Michèle Künzler, le retour

Après près de trois ans d’absence médiatique, Michèle Künzler choisit le Geneva Show pour son retour. Pas aigrie, elle revient sur ses réalisations et parle des projets qui l’animent aujourd’hui. Entretien.

Recyclage difficile

L’ancienne conseillère d’État confie que rebondir après une carrière politique s’avère difficile. L’accès à de nombreux postes au sein de l’administration publique est barré, sans compter la peur de certaines associations de compter parmi elles quelqu’un de marqué politiquement. Une difficulté davantage ressentie à gauche qu’à droite.

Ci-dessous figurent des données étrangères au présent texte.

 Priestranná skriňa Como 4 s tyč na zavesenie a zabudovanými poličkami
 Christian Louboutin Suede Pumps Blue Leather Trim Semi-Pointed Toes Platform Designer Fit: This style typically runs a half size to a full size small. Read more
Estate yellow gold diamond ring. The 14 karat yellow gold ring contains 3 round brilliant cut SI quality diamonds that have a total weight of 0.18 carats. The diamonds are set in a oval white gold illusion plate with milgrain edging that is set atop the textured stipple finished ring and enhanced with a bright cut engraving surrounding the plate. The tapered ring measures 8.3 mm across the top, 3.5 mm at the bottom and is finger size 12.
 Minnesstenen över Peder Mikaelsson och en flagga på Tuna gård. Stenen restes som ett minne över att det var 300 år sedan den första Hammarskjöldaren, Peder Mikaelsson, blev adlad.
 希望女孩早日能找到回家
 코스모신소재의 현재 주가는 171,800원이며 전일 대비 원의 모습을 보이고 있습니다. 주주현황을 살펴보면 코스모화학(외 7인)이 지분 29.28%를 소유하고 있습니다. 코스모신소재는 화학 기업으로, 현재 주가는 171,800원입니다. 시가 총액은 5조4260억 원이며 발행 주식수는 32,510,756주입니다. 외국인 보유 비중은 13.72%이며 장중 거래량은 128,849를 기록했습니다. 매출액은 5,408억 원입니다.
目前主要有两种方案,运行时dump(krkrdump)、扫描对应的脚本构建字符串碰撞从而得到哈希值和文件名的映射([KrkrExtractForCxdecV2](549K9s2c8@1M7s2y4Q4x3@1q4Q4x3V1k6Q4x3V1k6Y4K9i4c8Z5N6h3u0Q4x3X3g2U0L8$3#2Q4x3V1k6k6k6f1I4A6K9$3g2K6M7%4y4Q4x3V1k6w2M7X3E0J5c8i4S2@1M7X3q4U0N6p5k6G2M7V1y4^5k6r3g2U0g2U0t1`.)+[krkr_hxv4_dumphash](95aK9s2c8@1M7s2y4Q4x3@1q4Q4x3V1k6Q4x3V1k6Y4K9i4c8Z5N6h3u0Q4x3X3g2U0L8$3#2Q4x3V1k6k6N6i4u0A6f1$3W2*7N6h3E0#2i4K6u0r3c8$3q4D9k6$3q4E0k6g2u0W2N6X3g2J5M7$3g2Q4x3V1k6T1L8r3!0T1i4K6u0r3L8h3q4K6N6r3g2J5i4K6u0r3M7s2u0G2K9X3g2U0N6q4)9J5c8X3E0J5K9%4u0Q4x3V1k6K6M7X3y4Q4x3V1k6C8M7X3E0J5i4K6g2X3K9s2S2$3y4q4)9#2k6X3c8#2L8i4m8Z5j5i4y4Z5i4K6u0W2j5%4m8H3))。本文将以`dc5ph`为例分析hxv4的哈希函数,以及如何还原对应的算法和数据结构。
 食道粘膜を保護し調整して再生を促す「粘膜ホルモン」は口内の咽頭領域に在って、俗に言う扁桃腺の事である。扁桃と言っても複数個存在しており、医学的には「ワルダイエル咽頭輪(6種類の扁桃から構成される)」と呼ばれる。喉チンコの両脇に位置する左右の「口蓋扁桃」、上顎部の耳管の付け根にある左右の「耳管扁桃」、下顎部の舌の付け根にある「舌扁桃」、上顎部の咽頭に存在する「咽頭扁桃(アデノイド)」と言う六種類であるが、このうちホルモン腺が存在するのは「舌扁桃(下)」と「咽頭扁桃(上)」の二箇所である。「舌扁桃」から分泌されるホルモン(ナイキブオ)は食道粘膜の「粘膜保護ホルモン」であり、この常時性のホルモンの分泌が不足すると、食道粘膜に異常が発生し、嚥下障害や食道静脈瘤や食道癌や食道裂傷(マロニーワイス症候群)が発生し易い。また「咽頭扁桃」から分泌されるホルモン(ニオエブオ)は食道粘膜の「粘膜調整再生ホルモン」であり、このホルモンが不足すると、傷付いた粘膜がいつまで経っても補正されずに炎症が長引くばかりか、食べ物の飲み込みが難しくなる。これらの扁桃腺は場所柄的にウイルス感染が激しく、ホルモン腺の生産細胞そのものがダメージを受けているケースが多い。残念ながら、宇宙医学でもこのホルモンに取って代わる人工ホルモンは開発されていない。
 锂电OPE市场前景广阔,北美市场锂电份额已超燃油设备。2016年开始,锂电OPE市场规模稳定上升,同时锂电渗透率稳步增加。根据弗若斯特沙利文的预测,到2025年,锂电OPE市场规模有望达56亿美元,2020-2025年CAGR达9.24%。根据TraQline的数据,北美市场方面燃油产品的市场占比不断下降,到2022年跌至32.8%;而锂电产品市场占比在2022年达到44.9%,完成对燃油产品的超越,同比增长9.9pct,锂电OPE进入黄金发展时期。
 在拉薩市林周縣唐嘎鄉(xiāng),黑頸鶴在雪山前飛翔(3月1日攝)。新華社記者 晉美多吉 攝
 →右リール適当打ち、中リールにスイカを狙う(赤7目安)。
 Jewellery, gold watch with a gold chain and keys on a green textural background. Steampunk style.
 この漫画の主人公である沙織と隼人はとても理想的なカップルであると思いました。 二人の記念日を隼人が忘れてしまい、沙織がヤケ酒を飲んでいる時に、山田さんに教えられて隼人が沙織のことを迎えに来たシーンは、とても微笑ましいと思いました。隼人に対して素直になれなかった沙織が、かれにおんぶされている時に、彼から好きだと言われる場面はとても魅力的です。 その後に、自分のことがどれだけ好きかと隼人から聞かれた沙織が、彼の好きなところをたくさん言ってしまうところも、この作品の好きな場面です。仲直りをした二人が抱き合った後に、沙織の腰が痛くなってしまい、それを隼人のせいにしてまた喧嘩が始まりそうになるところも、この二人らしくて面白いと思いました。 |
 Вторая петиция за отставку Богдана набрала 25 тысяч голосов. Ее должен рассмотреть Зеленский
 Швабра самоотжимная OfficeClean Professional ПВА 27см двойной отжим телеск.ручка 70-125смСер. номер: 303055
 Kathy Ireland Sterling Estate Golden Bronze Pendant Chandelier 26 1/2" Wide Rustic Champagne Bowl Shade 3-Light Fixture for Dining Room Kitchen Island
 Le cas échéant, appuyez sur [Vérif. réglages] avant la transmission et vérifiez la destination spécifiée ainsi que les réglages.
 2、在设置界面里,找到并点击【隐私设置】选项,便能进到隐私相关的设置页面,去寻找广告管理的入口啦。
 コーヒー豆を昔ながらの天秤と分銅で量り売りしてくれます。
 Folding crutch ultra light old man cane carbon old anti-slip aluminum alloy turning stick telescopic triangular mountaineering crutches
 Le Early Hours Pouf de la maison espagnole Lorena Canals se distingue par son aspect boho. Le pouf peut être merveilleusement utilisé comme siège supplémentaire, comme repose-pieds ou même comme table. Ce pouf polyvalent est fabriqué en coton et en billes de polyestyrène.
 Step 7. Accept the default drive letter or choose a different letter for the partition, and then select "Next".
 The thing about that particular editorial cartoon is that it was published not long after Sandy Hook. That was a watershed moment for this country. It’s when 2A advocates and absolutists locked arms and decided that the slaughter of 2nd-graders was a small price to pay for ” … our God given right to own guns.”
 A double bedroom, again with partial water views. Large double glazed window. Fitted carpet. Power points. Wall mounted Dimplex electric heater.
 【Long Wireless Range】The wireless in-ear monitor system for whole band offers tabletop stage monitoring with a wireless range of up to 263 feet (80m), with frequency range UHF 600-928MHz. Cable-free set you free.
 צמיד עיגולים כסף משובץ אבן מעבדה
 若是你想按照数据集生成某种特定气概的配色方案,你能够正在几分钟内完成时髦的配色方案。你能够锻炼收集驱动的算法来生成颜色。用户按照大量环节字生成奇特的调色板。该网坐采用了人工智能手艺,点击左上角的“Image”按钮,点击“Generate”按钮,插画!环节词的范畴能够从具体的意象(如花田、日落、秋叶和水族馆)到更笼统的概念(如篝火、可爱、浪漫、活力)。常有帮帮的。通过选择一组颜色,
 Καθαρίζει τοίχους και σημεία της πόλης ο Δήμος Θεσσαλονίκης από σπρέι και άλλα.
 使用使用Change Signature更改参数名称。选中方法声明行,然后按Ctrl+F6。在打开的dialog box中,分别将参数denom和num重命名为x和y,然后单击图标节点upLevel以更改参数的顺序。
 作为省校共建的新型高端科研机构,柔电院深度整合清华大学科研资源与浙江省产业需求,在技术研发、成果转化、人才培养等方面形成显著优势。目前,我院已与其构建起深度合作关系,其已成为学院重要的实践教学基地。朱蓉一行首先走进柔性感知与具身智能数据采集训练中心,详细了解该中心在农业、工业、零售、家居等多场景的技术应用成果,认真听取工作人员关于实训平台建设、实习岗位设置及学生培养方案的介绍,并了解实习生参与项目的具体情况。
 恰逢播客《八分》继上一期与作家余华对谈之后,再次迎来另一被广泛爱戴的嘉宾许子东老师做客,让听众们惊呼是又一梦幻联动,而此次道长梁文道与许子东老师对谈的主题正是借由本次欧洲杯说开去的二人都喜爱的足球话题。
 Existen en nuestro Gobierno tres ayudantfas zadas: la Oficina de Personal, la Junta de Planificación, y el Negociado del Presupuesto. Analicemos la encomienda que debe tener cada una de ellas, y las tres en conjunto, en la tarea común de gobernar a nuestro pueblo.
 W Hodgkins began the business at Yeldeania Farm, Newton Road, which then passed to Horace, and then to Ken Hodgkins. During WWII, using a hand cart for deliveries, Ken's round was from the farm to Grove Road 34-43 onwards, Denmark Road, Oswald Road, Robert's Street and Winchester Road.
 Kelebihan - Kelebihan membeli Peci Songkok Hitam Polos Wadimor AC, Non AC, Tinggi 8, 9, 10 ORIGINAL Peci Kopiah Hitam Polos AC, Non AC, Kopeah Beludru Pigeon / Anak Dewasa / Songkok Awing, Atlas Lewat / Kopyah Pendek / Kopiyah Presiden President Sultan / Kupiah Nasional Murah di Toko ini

Certains partis sont plus enveloppants que d’autres. »

Son regard sur le Conseil d’État

Se refusant à tout commentaire pour ne pas tomber dans le «c’était mieux avant», l’ancienne ministre finit toutefois par critiquer durement l’action du gouvernement et du parlement sur de nombreux dossiers tels que la fiscalité des entreprises.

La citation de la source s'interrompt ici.